**What is expected**
Leaving the images out, output each entry below exactly.

**Records shown**
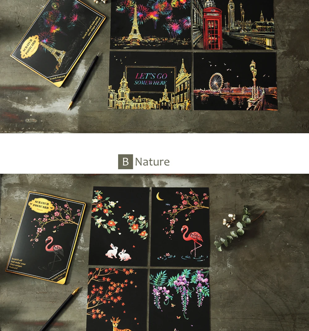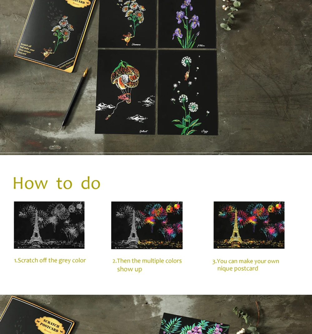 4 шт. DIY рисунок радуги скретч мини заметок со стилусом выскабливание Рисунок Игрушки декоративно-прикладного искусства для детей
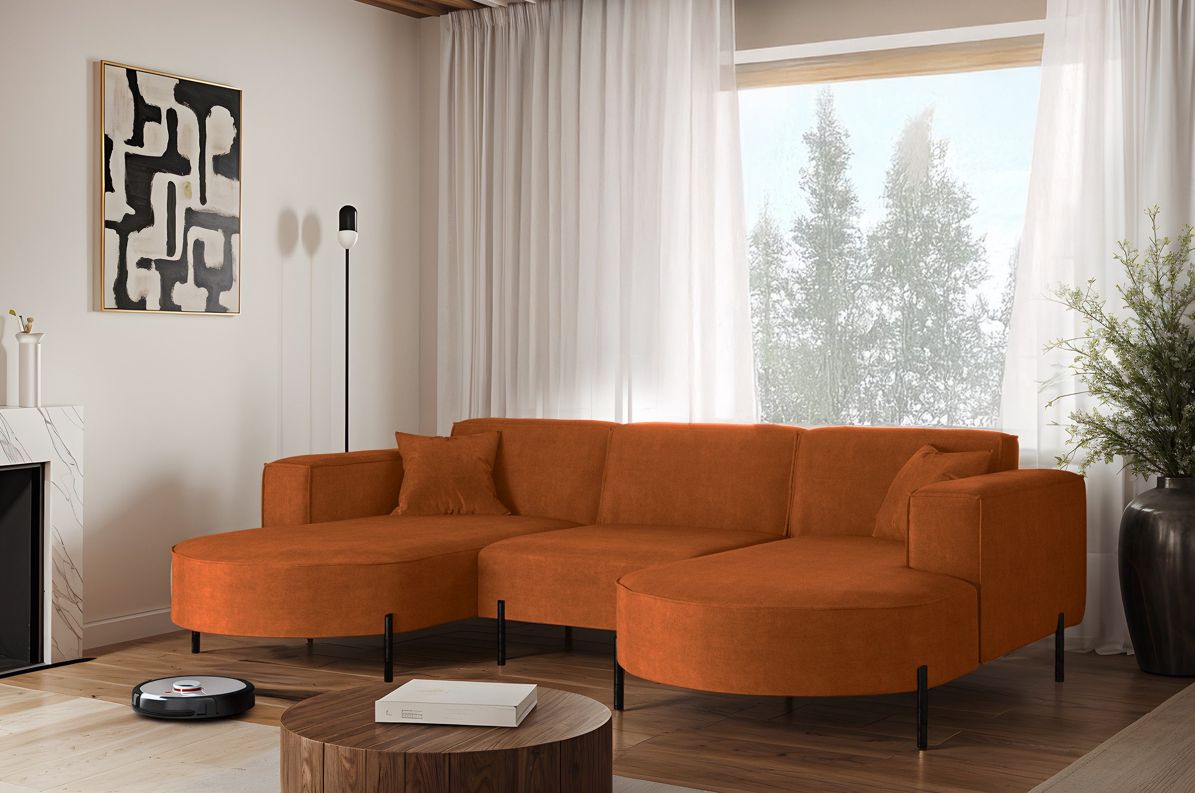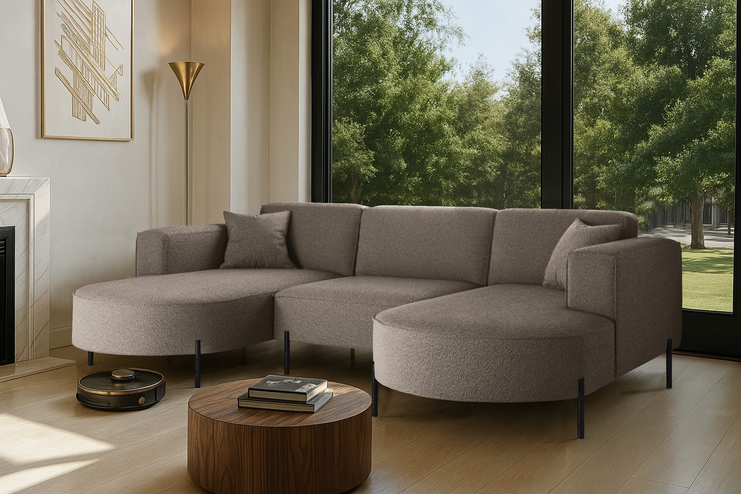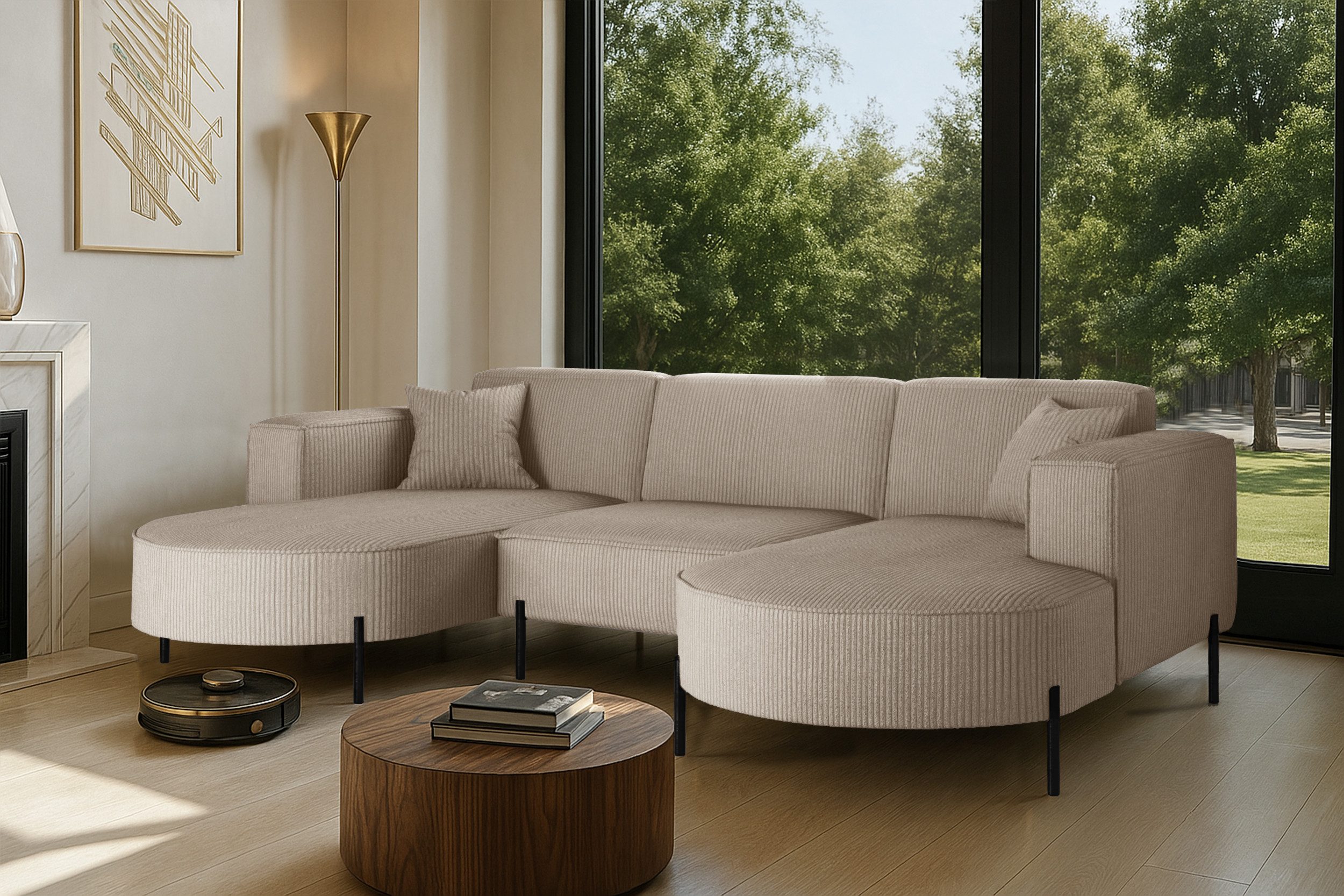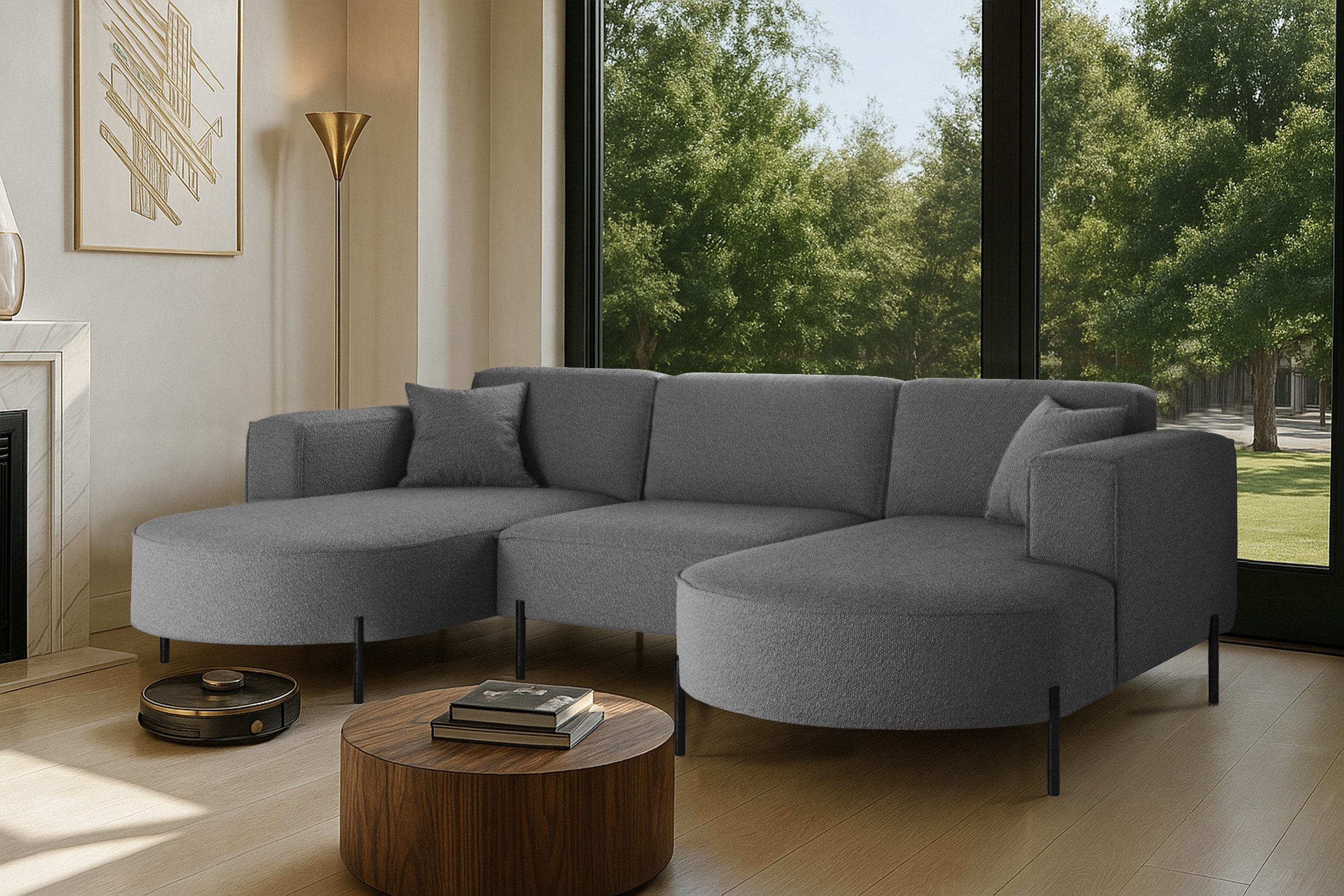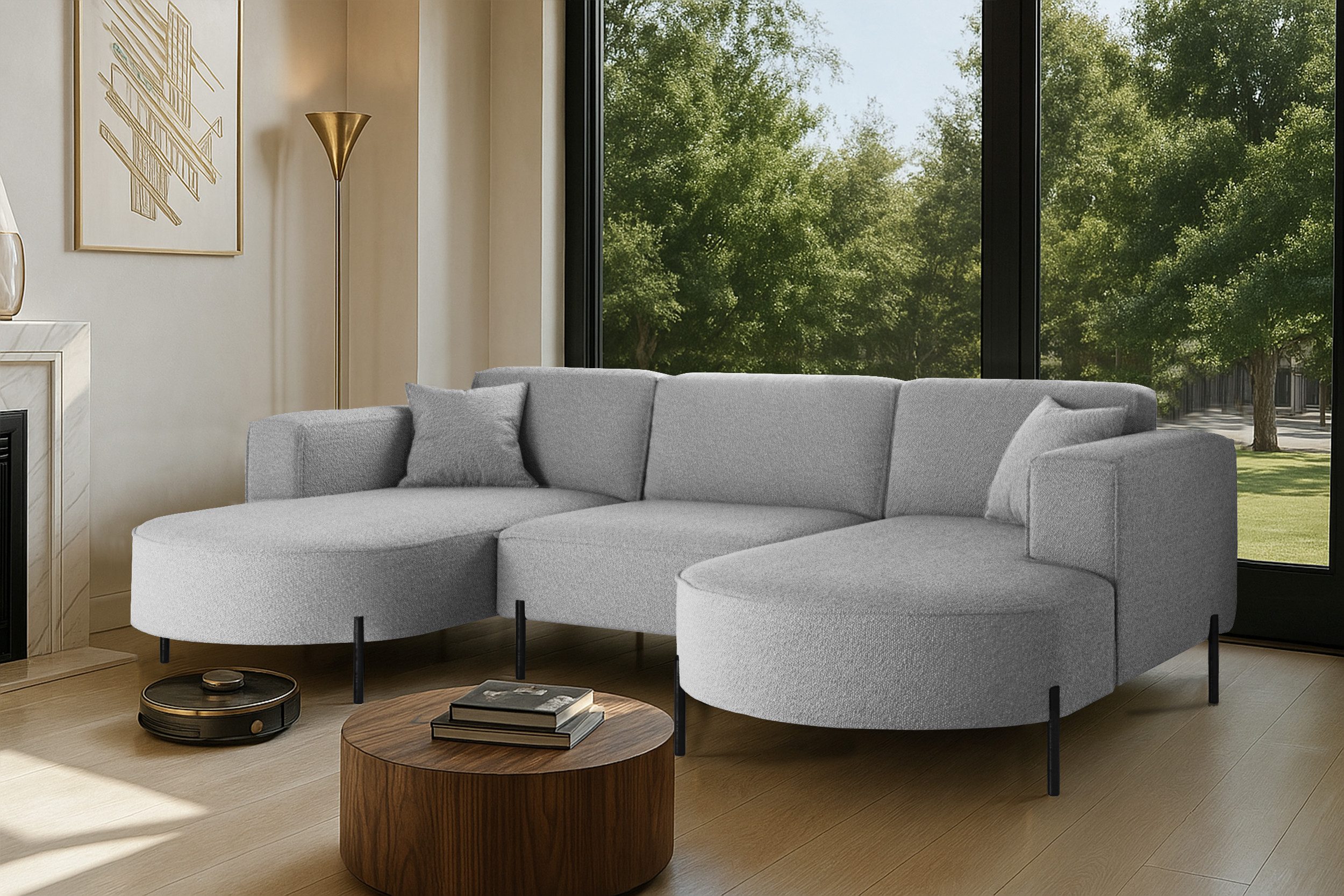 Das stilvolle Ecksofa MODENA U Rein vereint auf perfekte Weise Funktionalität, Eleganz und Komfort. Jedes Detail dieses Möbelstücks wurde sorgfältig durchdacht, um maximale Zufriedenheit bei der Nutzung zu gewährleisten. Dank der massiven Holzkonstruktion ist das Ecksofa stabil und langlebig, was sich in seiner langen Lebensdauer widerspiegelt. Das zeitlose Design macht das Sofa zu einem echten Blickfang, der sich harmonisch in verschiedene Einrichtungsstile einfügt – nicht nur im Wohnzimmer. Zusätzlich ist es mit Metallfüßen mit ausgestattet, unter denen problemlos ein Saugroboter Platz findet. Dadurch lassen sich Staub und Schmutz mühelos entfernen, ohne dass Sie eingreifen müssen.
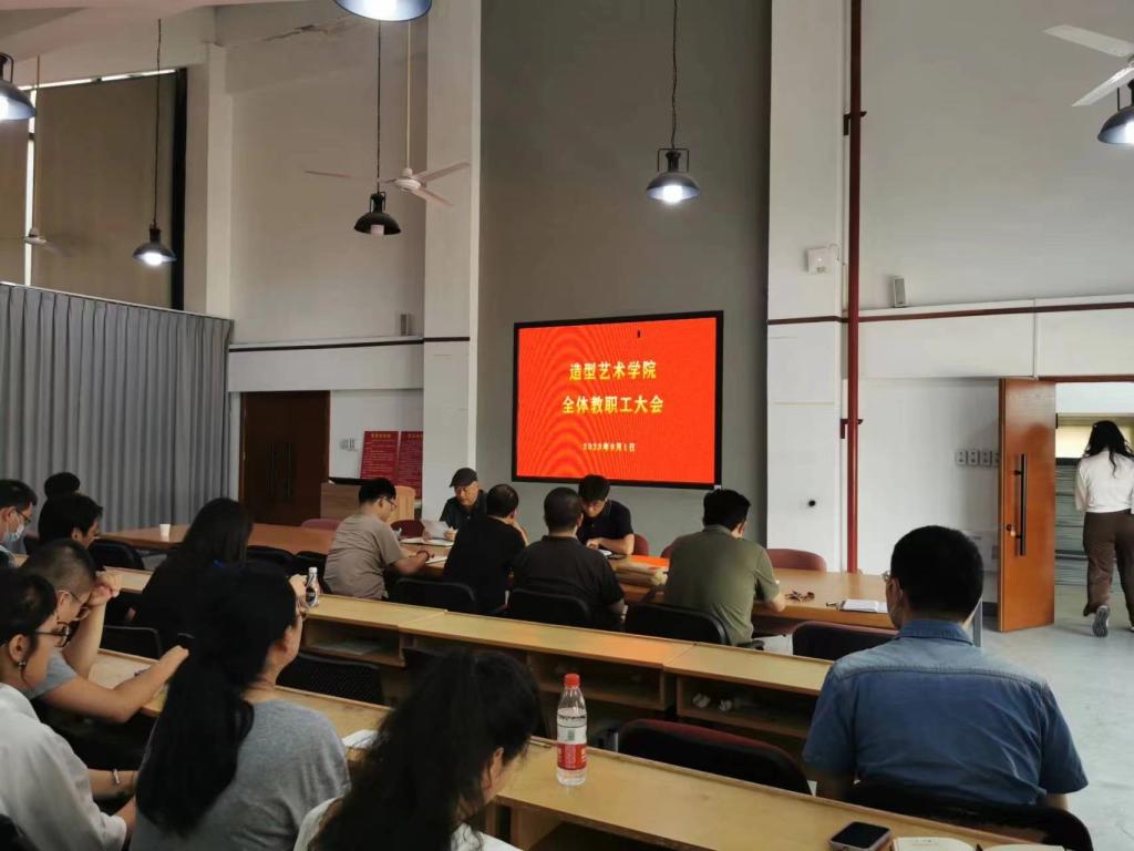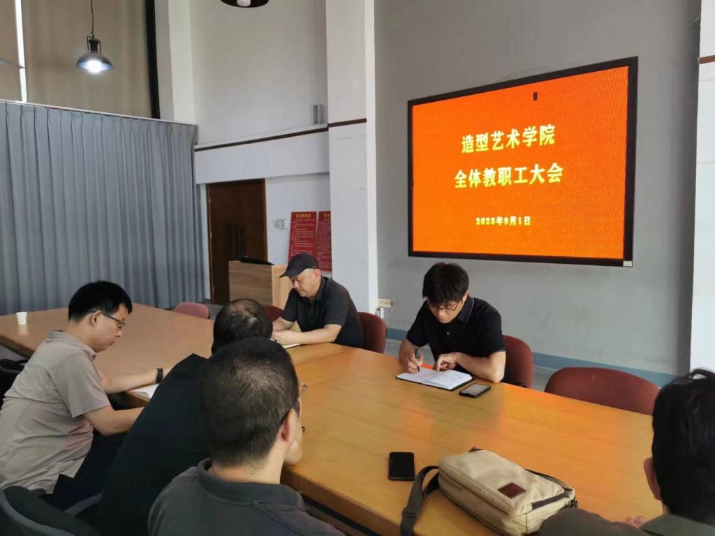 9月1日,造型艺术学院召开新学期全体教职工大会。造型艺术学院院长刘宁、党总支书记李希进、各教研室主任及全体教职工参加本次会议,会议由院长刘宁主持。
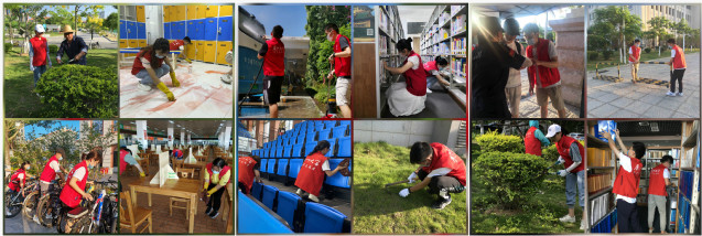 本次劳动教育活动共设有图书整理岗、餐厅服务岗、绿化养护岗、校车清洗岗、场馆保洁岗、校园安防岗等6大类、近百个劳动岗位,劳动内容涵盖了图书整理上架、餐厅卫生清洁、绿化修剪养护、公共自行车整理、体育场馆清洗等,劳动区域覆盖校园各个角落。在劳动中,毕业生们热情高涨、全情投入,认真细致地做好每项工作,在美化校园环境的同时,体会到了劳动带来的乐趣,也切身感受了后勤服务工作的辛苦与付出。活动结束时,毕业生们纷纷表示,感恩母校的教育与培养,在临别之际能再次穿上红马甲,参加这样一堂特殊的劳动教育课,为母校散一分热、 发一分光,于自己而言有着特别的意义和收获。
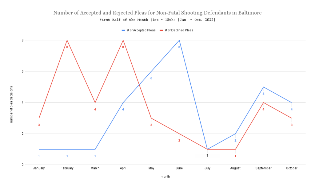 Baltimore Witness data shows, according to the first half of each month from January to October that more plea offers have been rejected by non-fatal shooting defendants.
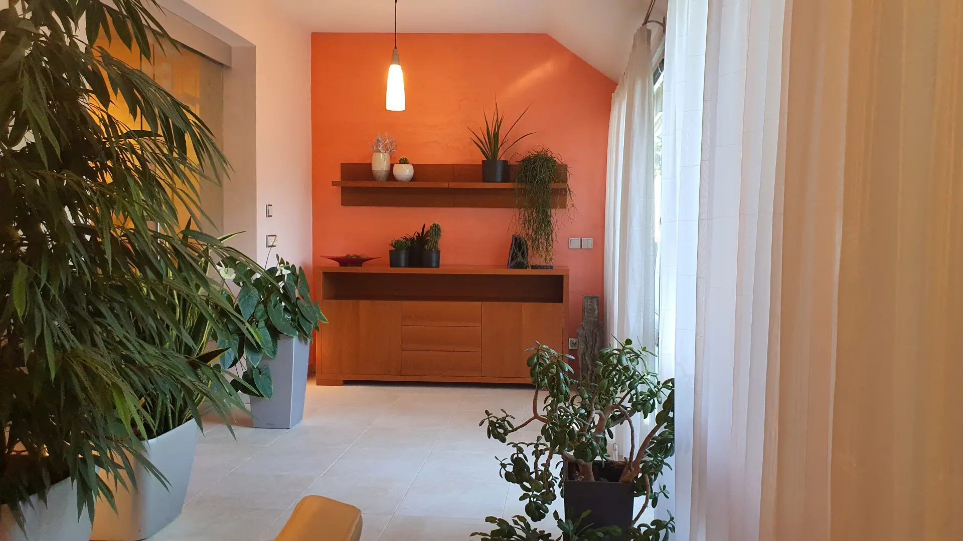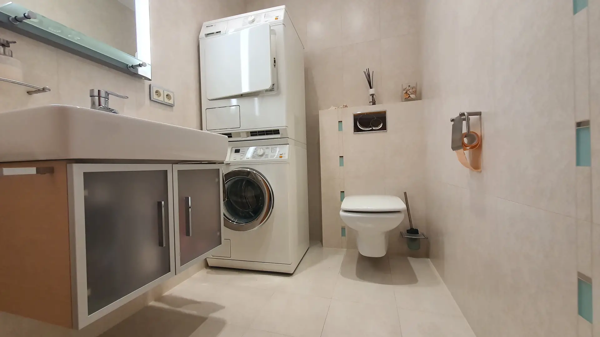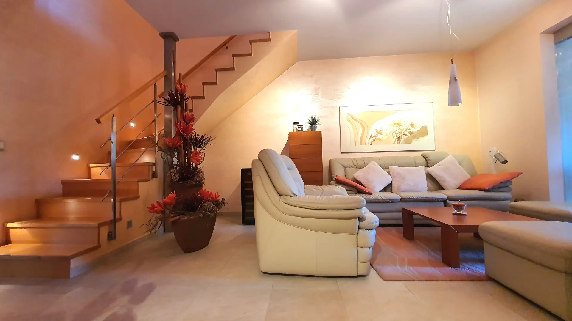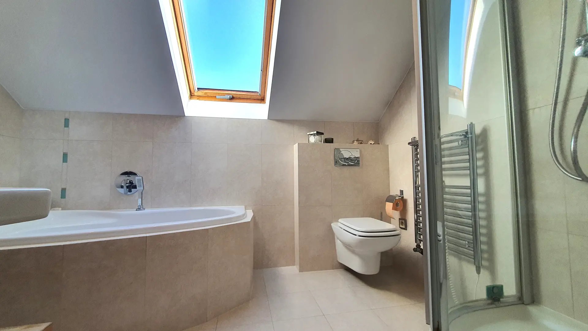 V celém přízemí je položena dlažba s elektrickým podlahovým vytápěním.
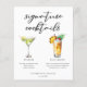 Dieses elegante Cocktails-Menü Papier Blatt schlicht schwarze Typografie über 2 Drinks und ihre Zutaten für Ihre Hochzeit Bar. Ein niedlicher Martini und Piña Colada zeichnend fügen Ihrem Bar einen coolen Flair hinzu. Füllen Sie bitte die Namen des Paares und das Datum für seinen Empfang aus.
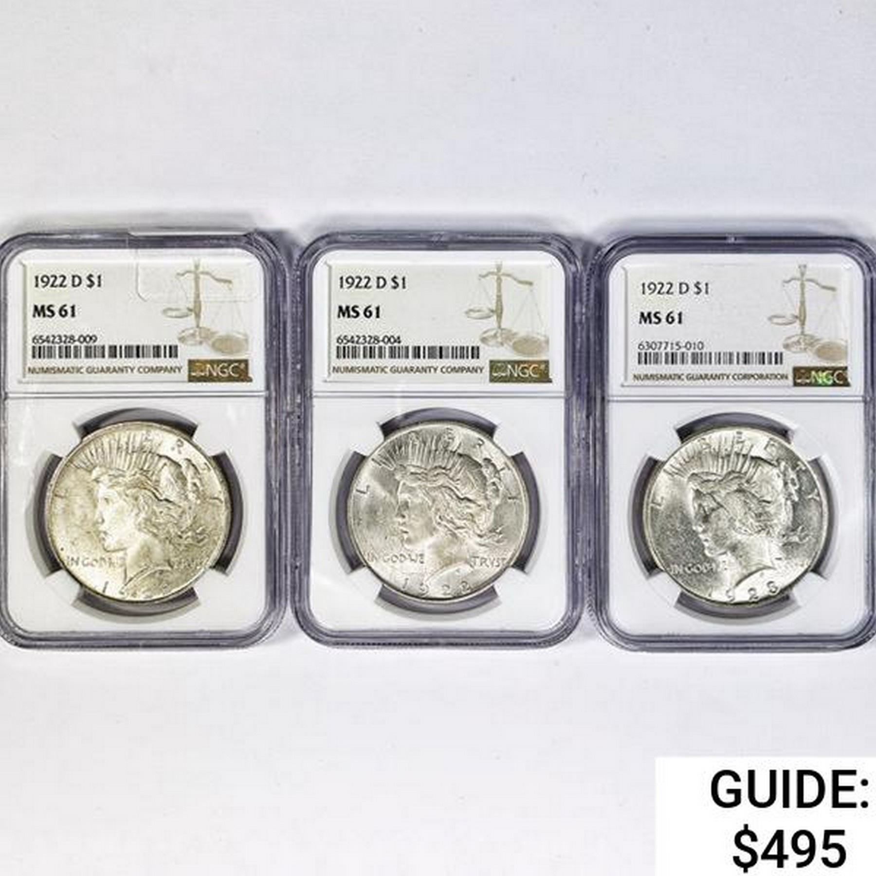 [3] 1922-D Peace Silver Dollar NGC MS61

**Exercise output**
 4 шт. DIY рисунок радуги скретч мини заметок со стилусом выскабливание Рисунок Игрушки декоративно-прикладного искусства для детей
 Das stilvolle Ecksofa MODENA U Rein vereint auf perfekte Weise Funktionalität, Eleganz und Komfort. Jedes Detail dieses Möbelstücks wurde sorgfältig durchdacht, um maximale Zufriedenheit bei der Nutzung zu gewährleisten. Dank der massiven Holzkonstruktion ist das Ecksofa stabil und langlebig, was sich in seiner langen Lebensdauer widerspiegelt. Das zeitlose Design macht das Sofa zu einem echten Blickfang, der sich harmonisch in verschiedene Einrichtungsstile einfügt – nicht nur im Wohnzimmer. Zusätzlich ist es mit Metallfüßen mit ausgestattet, unter denen problemlos ein Saugroboter Platz findet. Dadurch lassen sich Staub und Schmutz mühelos entfernen, ohne dass Sie eingreifen müssen.
 9月1日,造型艺术学院召开新学期全体教职工大会。造型艺术学院院长刘宁、党总支书记李希进、各教研室主任及全体教职工参加本次会议,会议由院长刘宁主持。
 本次劳动教育活动共设有图书整理岗、餐厅服务岗、绿化养护岗、校车清洗岗、场馆保洁岗、校园安防岗等6大类、近百个劳动岗位,劳动内容涵盖了图书整理上架、餐厅卫生清洁、绿化修剪养护、公共自行车整理、体育场馆清洗等,劳动区域覆盖校园各个角落。在劳动中,毕业生们热情高涨、全情投入,认真细致地做好每项工作,在美化校园环境的同时,体会到了劳动带来的乐趣,也切身感受了后勤服务工作的辛苦与付出。活动结束时,毕业生们纷纷表示,感恩母校的教育与培养,在临别之际能再次穿上红马甲,参加这样一堂特殊的劳动教育课,为母校散一分热、 发一分光,于自己而言有着特别的意义和收获。
 Baltimore Witness data shows, according to the first half of each month from January to October that more plea offers have been rejected by non-fatal shooting defendants.
 V celém přízemí je položena dlažba s elektrickým podlahovým vytápěním.
 Dieses elegante Cocktails-Menü Papier Blatt schlicht schwarze Typografie über 2 Drinks und ihre Zutaten für Ihre Hochzeit Bar. Ein niedlicher Martini und Piña Colada zeichnend fügen Ihrem Bar einen coolen Flair hinzu. Füllen Sie bitte die Namen des Paares und das Datum für seinen Empfang aus.
 [3] 1922-D Peace Silver Dollar NGC MS61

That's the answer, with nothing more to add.